Oregon Tavern Age: Sex Stop

I pulled into a parking lot of a building that appeared abandoned. The building had the unmistakable architecture of a drive-in hamburger/malt joint from the American Graffiti era. I could almost see the girls rollerskating up to take an order and hear the Coasters blasting through tin speakers.

But now this was OTA country, hours 10 am to 2:30 am.

I walked inside and investigated. My knees nearly buckled in the course of my investigation. I beheld a 400-pound OTA woman taking on all comers at pool and loudly kicking ass. The bathrooms had hatchets for door handles. I saw two OTA men with walkers, another on a motorized wheelchair, another with a cane, and another with a hook where his left hand should have been. There were at least 500 pool trophies decorating ponderosa pine walls, easily the most I’d ever seen in an OTA joint.

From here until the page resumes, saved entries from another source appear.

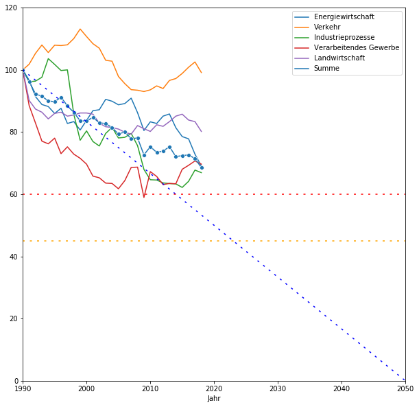 Die Daten, die ich genommen habe, gibt es als Exceldatei beim Umweltbundesamt. Aus der habe ich folgende Grafik erstellt mit den wichtigsten Sektoren und dem relativen CO2-Ausstoß mit Basis 1990. Ich habe die Ziele 2020 (rot), 2030 (orange) und einen Zielpfad von 100 bis 0 (blau) gestrichelt eingezeichnet.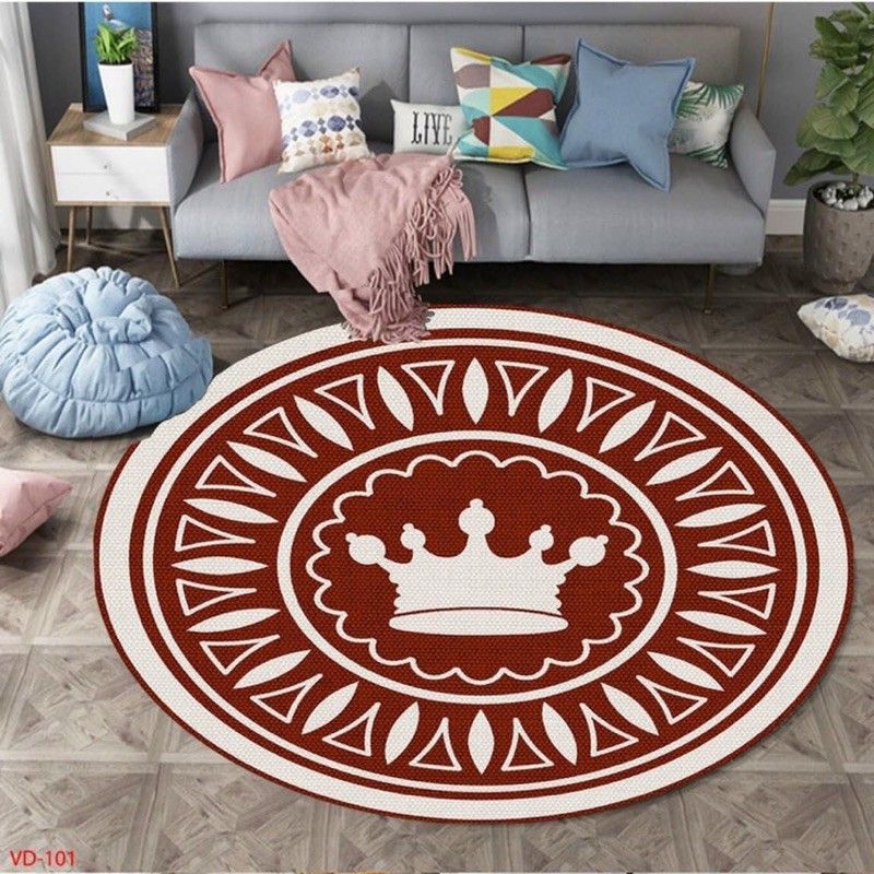 The Crown Pattern Red Burgundy White Round Rug Home Decor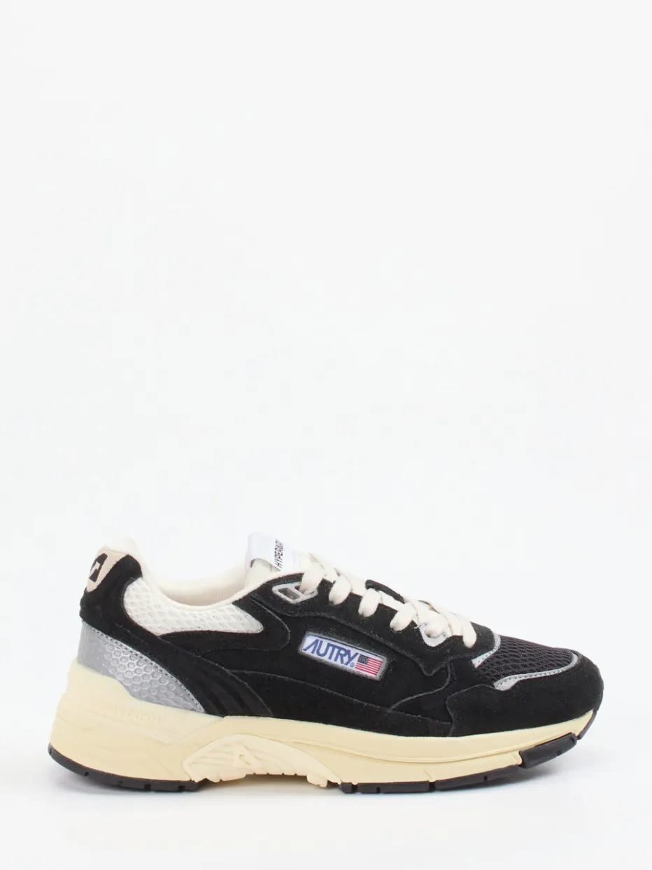 Urbane Dynamik im Retro-Look. Die Marke Autry präsentiert mit dem Sneaker Hyperway ein modisches Highlight im Bereich Retro-Runner. Für ausgedehnte City-Walks oder dynamische Freizeitlooks bietet dieser Sneaker mit schwarzem Veloursleder und atmungsaktivem Mesh-Komfort idealen Tragekomfort. Die klassische Silhouette mit reflektierendem Fersenbesatz, Kontrastnähten und silberfarbenem Detail punktet mit Vintage-Akzenten. Der gepolsterte Schaftrand, die dämpfende Chunky-Gummisohle und die verstärkte Ferse ergänzen das Design funktional. Streetwear-Einflüsse und 90s-Vibes werden souverän umgesetzt. Ideal zu Cropped-Jeans oder sportiven Techwear-Looks. Markentypisch vereint Autry Komfort, Stil und metropolitane Lässigkeit.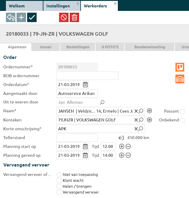 Zodra je de afspraak hebt gesleept naar een monteur, opent het werkorder scherm met de betreffende afspraak. Hier moet je de afspraak nog wel opslaan zodat deze definitief in de planning komt.

And there was something else, oh yes, definitely something else, shining brightly near the restrooms: a twinkling red and white vending machine named Sex Stop, that sold sex toys, condoms and kink DVDs. I’d never seen anything like it in OTA country and it staggered my imagination to think a regular ever wasted perfectly good beer and keno money and purchased a product.

I went up to the bar to order from the diminutive female OTA bartender and felt a jolt. No liquor served! A real Oregon tavern! They haven’t gone extinct yet. The joint also didn’t have a single micro beer available and for that absence, I did a little stealth jig for joy.

After receiving my beer, a corporate ale, I retreated to a a high table in a corner that afforded the best place to eavesdrop. Thus, I eavesdropped.

Profane, staccato bursts from the pool shark, a story about a bald eagle scavenging roadkill, a crusty reminiscence from an old timer’s gold mining days.

I sipped the ale and wrote, my notebook paper illuminated only by the lights of Sex Stop.